## MACHINE LEARNING IN FINANCE
MODULE 2 | LESSON 3


---

# **DIMENSIONALITY REDUCTION: PRINCIPAL COMPONENT ANALYSIS**

|  |  |
|:---|:---|
|**Reading Time** |  30 minutes|
|**Prior Knowledge** | Unsupervised learning, correlation, eigenspaces  |
|**Keywords** |principal components, loadings  |


---

*In the first lesson, we introduced the concept of unsupervised learning, studied clustering algorithms, and examined how they identify structure in a given dataset. In the previous lesson, we applied these concepts using hierarchical clustering. In this lesson, we shift our focus to another topic in unsupervised learning: dimensionality reduction*

## **1. Introduction**

Dimensionality reduction algorithms compress data with many features into one with fewer features, while still retaining the most important information and eliminating information we consider redundant or duplicating. This is done by projecting a high dimensional dataset to a lower dimensional space.

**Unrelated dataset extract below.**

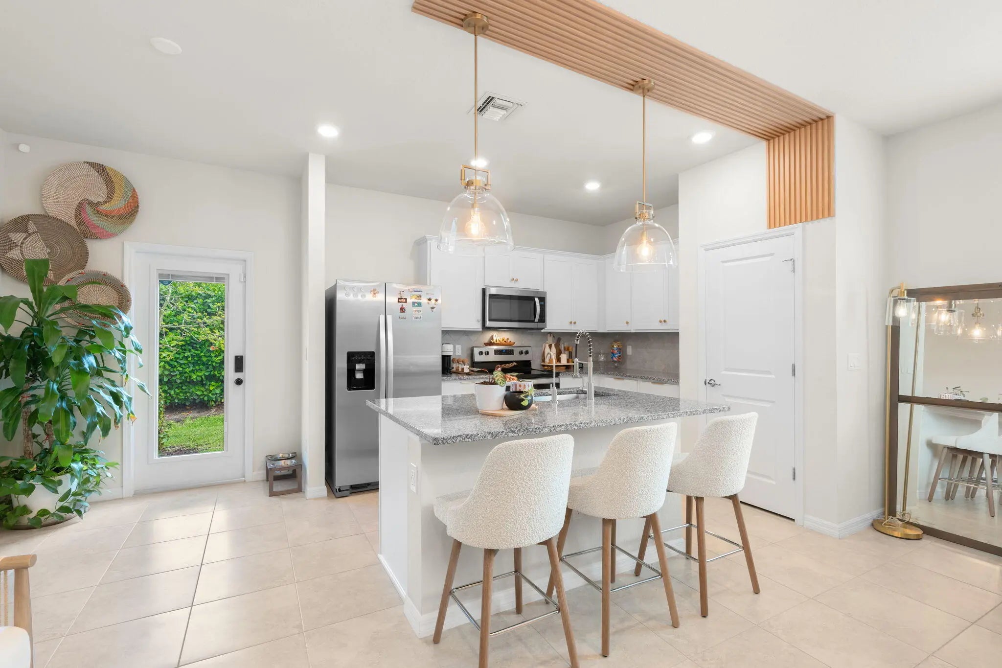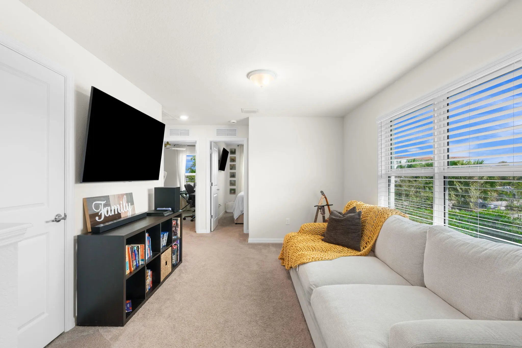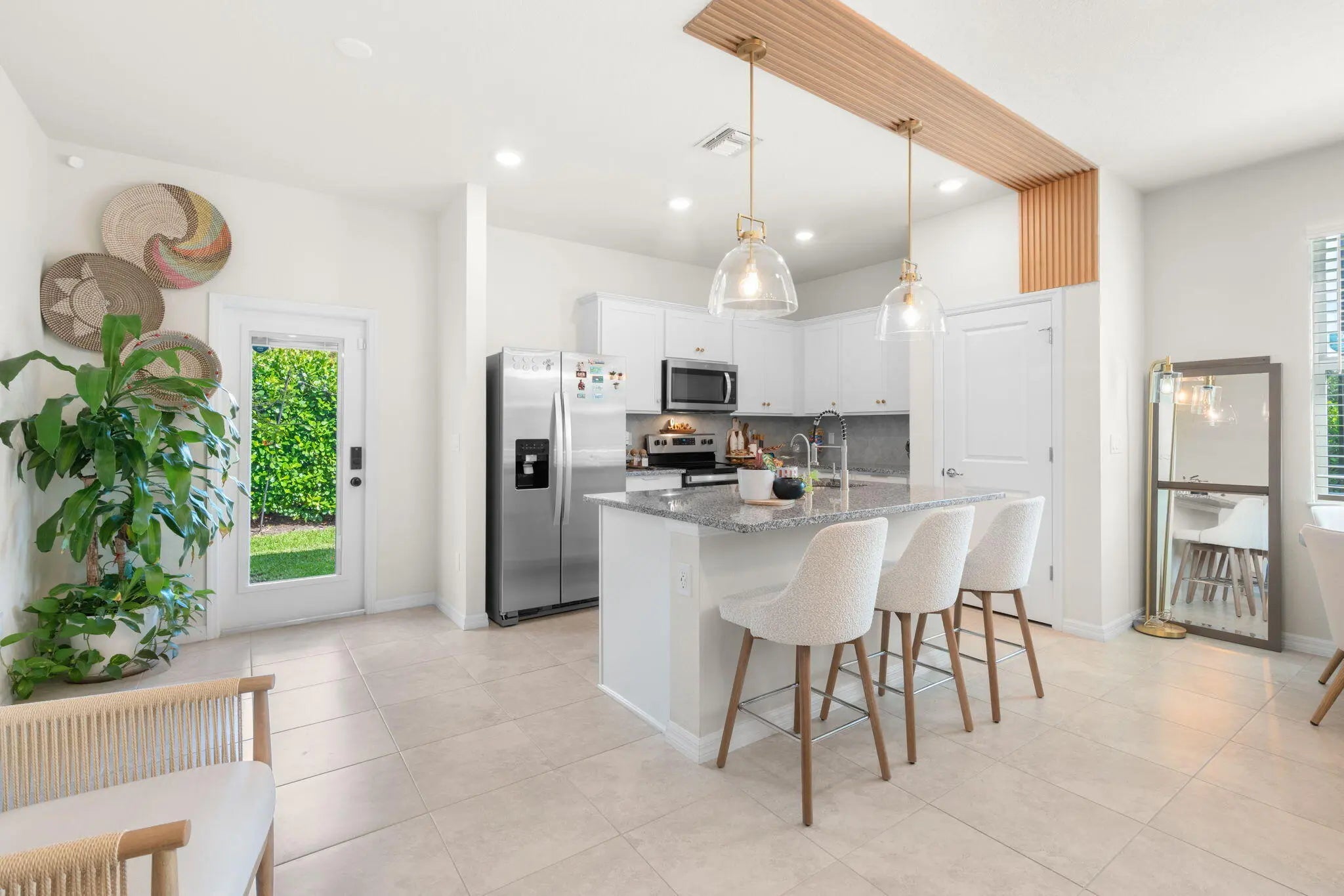 New community in 2024, gated community, loft style family room, 4 additional parking spaces adjacent to the property, park-like green space adjacent to the property, may be sold furnished if desired, home warranty from builder for 8 more years, energy efficient HVAC system, 10 minutes distance from I-95 and turnpike, executive airport, impact windows and doors throughout, neutral colors throughout the home, fiber internet included with the HOA, long walking track and green space around the lake, pet friendly community, security system in place, 16 inch neutral ceramic tile.

A common misconception in machine learning is that the more features we add to an algorithm, the more accurate the model becomes. This has been disproven. It has been shown that to improve the performance of machine learning algorithms we should consider applying dimensionality reduction to our features so as to only remain with important and optimal features for the machine learning task of interest. Dimensionality reduction helps prevent the *curse of dimensionality* problem, that is to say, machine learning algorithms become inefficient in training data with bigger feature spaces.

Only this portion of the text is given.